In short it's all the stuff able and healthy people don't even have to think about.

I have friends with other disabilities inc one who is wheelchair bound and one who has a prosthetic leg, also a friend with a child with a severe learning disability who hates being dressed/undressed but cannot do it himself - finding clothes that work with certain disabilities can be incredibly hard. And the ones that have been designed to do so aren't cheap.

I really don’t know what we would put down for extra living costs - he has meltdowns but doesn’t destroy things.

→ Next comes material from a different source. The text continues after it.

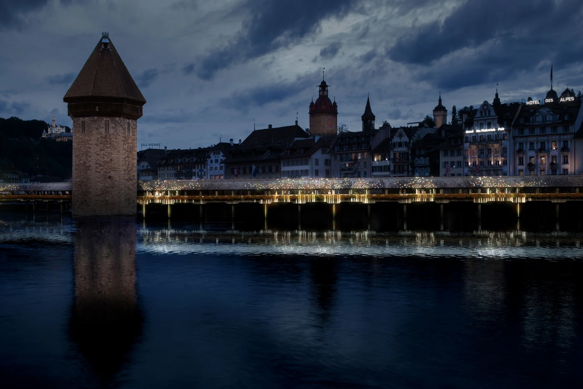 For many years, the Chapel Bridge, one of the most prominent tourist attractions in Switzerland disappeared from view at night, blocking the stunning view of the city skyline. ‘We urgently need light on the bridge!’, acknowledged a group of prominent Lucerner. They founded a project group and set up an international contest amongst architects, artists, and lighting specialists to find a unique plan that illuminated the bridge in a way which satisfied the needs of the increasing flow of intercontinental tourists and do justice to the historical character of the city and its culturally aware citizens. In July 2014, the jury chose ‘The Particle Plan’ as the winner of the competition.
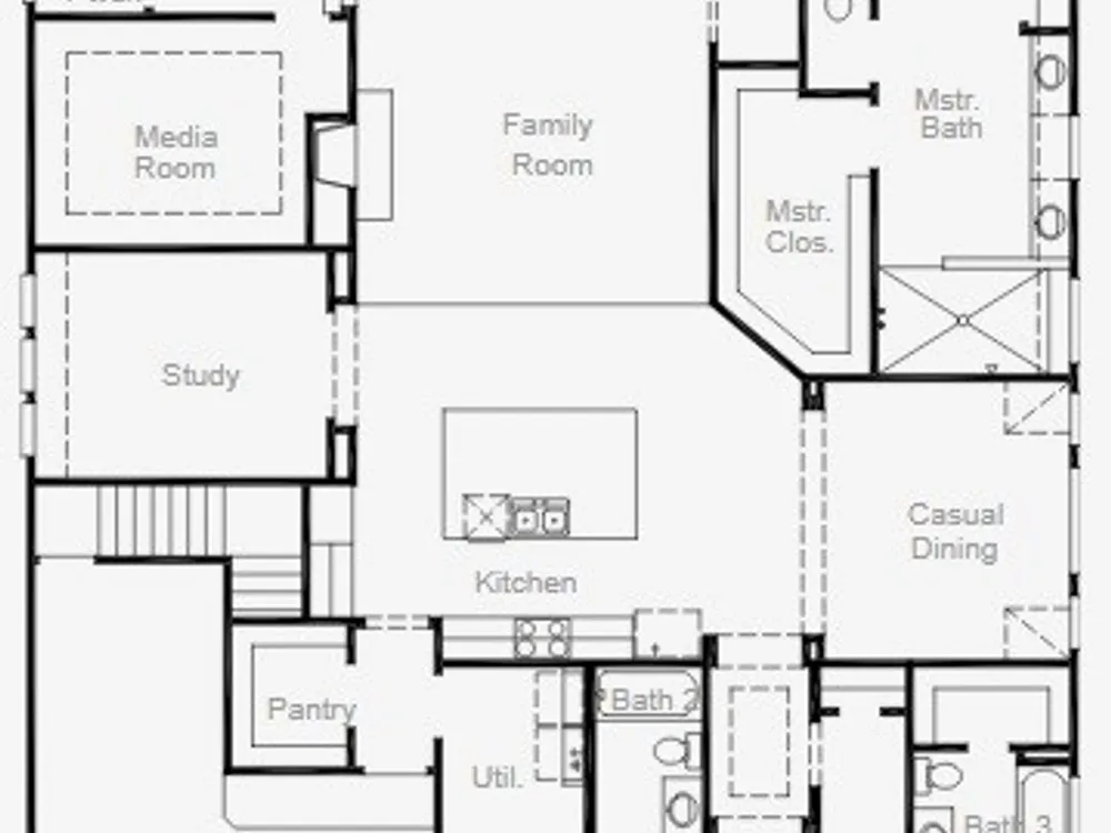 This stunning new one-story home is quickly becoming a favorite of Coventry Homes. Featuring 3 bedrooms and 3.5 baths, it showcases soaring 14-foot ceilings from the kitchen through to the great room. The game room flows into a media room and opens to a spacious covered patio—ideal for outdoor entertaining. A generous study with elegant French doors sits just off the main living area, offering a quiet space to work or unwind. Each bedroom includes its own private bath, providing comfort and privacy for guests. The secluded, luxurious primary suite features a beautiful bay window, perfect for a sitting area. The primary bath includes a large walk-in shower with a built-in seat. This home truly has it all. Don’t miss your chance to make it yours—schedule a tour today!

You don't have to specify the costs - you specify the daily care your DC needs in terms of time and what the tasks are. They will then work out what that equates to in terms of money.

I’m hoping he gets extra support in school and emotionally rather than cash.

The DLA claim is separate from all of that - they will just award you with money, not support (although there may well be other support you can go on to access once you've been awarded DLA).

For school support, you should look into applying for an EHCP assessment (you can do it or the school can). And I'd speak to the school about what emotional support they can offer and also ask your GP to refer to CAMHS if further help is needed. If your DC has a diagnosis from CAMHS, they may well invite you/DC to support groups anyway.

Well that's not 50/50 is it? You are the resident parent and you pay for more.

If you are able to claim CA it is because YOU are not able to work to earn above a certain point. If you are a lone parent, not sure how UC works, but you are also able to claim income support.

DLA is not a payment to the parents, the claim is in the child's name under their own NI number and you are just their representative - no different than if you were power of attorney for an elderly relative so it is not either parents money.

Your not allowed to keep it because its for your childs needs

You legally arnt meant to save any DLA at all, if you can manage to save it, then its not really needed.....or so they say

Who is 'they'?

It's a non-means-tested benefit.

@slipperywhensparticus - of course your allowed to keep it. What if your child doesn’t need extra for a while or if you earn enough to cover the stuff they do need.

It’s not means tested so you can have thousands saved and still claim it as the child is entitled to it.

It does not say anywhere that your not allowed to save it or keep it!